Carlo Alfonso Nallino (18 February 1872 - 25 July 1938) was an Italian orientalist.

==Biography==
Nallino was born in Turin, and studied literature under Italo Pizzi at the University of Turin. From 1896 he taught in the Istituto Universitario Orientale of Naples and then at the University of Palermo (1902–1913). By the age of 21 Nallino had gained an international reputation for his publication of an Arabic manuscript by the celebrated tenth-century Arab astronomer al-Battānī.
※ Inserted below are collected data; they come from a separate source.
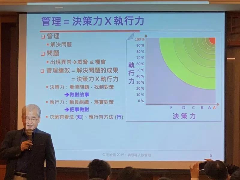 接下来,台湾前行政院院长、台湾国立交通大学管理学院院长毛治国先生发表了题为《与领导人谈管理》的专题演说。根据多年的从政经验,他认为领导人决策时应具备见、识、谋、断四种能力。他结合自身工作经历,讲述了在中华电信、台南登革热、苏花改和八仙尘爆等个案中的决断情境和对细节的处理,以此深入浅出的阐述了领导者所需要具备的特质和能力。他所讲解的一些案例,已被哈佛大学商学院收录于企业转型再造系列素材库,成为全球管理的经典案例,也令在场校友深受启发。
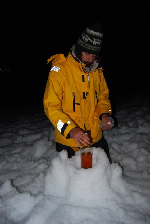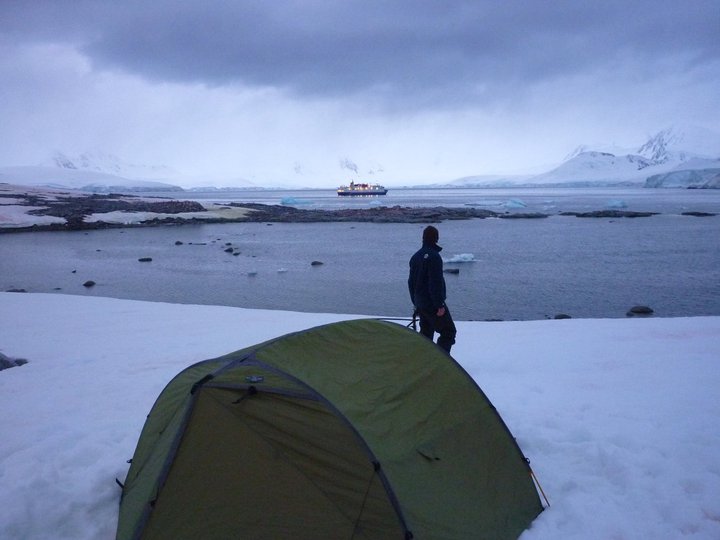 We first begin by leveling the ground for the tent, but keeping enough soft snow to dig our sleeping positions into later. These 3 pole tents are easy to put up and securing the lines into compacted snow with thick iron bars to stand up to unexpected winds was necessary. We built a pile of snow around the tent, continent side to give extra wind protection as cracks and thundering of calving ice sheets sent volumes of ice into the sea, which getting sights of a well lit boat in the fading blue/grey dusk was surreal. Quiet and yet imposing.
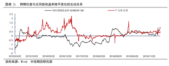 理论上看,如果忽略国债期货的交割期权价值,以及当季和次季合约CTD可能切换的问题,当季合约和次季合约跨期价差可近似看作次季合约比当季合约多持有3个月CTD券的持有收益。因此,无风险收益率的陡平,特别是资金成本的变动,对于跨期价差的理论价格将产生明显影响。这一点从长周期维度可以得到一定印证,10年期国债期货跨期价差的中枢与10年期收益率-3个月Shibor利差存在正向互动关系。

With his publication of a book on Egyptian Arab dialect in 1900 he was invited by King Fuad I of Egypt to teach at the Egyptian Khedive University. Amongst his pupils there was Taha Husayn, who would go on to become Minister of the Education.

Letter by Nallino (1932)

Nallino eventually returned to Italy to take up the position of ordinary professor at the University La Sapienza of Rome, where, in 1921, he had founded the Istituto per l'Oriente, which published the monthly journal Oriente Moderno. In 1933 he was named member of the Royal Academy of Arab Language in Cairo, and he was a member of the Italian Accademia Nazionale dei Lincei and of the Royal Academy of Italy. In 1938 he travelled for two months in the Arabic Peninsula, visiting the newly formed Kingdom of Saudi Arabia, but he died shortly afterwards in Rome from a cardiac arrest after publishing only the first volumes of the studies about his trip,

==Publications==

- Revision of Storia dei Musulmani di Sicilia by Michele Amari (1854), repr. in 5 volumes, Catania, R. Prampolini, 1933-35.
- Chrestomathia Qorani Arabica (1893).
- Al-Battānī sive Albatenii opus astronomicum: ad fidem codicis Escurialensis Arabice editum, (1899 - 1907); the Latin title of al-Battānī's Kitāb Zīj al-Ṣābī’ (كتاب زيج الصابئ) ; multi-volume scientific treatise on geography and astronomy from Arabic manuscript, translated in 12th cent. Latin by Plato Tiburtinus, with Latin annotations.

==Bibliography==
- Amari, Michele (1854). "Storia dei Musulmani di Sicilia"
- Amari, Michele (1858). "Storia dei Musulmani di Sicilia"
- Nallino, Carlo Alfonso (1893). "Chrestimathia Qorani Arabica"
- Battānī (al-), Muḥammad ibn Jabir (1899). "Al-Battānī sive Albatenii opus astronomicum: ad fidem codicis Escurialensis Arabice editum (Kitāb Zīj al-Ṣābī')"
- Sterlich, Rinaldo de (1900). "L'arabo parlato in Egitto; grammatica, dialoghi e raccolta di circa 6000 vocaboli. Forma la nuova ed. completamente rifatta del Manuale dell'arabo volgare di de Sterlich e Dib Khaddag"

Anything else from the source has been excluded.